Courtesy of Natalie Souchon

I received this picture from Natalie, a dear friend of mine who works in Tibet now. According to her experience, it seems quite fun teaching there, though it is a difficult place to live in.

I don't know the name of this little girl, but looking at her pure innocent face really makes me feel peaceful. It has this magical power that could sweep aside my frustration and pressure. Aren't children pure and innocent? Yes, they are, but sometimes I just feel that kids living in the big cities are not as pure and innocent as those living in remote areas.

Being a teacher living in the city, I truly feel sad for the city children nowadays. They are not easy to teach, and they are not willing to learn, either. They have spent too much time on T.V., video games and the Internet. They have been busy with things that are not what they should be doing at their age. They are not having a decent childhood. The adults are forcing them to grow up as soon as possible so that they can compete with other children. They are not happy, and they become so material that should not be seen in children.

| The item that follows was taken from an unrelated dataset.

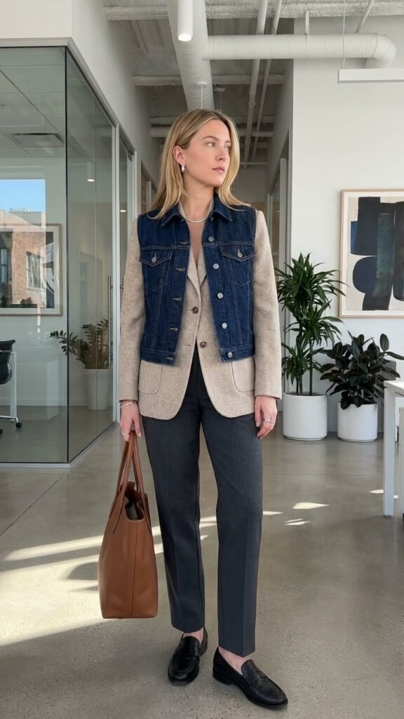 This one’s for the bold style lovers. Layering a structured denim vest over a blazer sounds chaotic, but when done right, it’s incredibly chic. The key is ensuring both pieces are fitted—no oversized chaos here.

This little face in the picture is so different from those city faces. Her kind of sad looking only highlights her innocence. She seems reluctant to be the focus of the camera, and this reluctance is clear and simple to capture. Unlike this one, expressions of city children are always mixed with adult ones they learned from soap operas and commercials. Sometimes we may think that their cunning expressions are cute, but this in fact becomes such a hassle when you have to deal with it everyday. Why can't they just act like normal children? I believe they can't becuase they have been deprived of their childhood by us, the adults. As a consequence, we are responsible for their lost of childhood.

Thanks to Natalie for sending me this nice picture. She is born to be an artist. She captured the right angle at the perfect moment that intensifies the girl's pure eyes and her innocent reluctance. I think she should carry on her creation in the arts. Lastly, I wish this pretty girl a bright and fruitful future.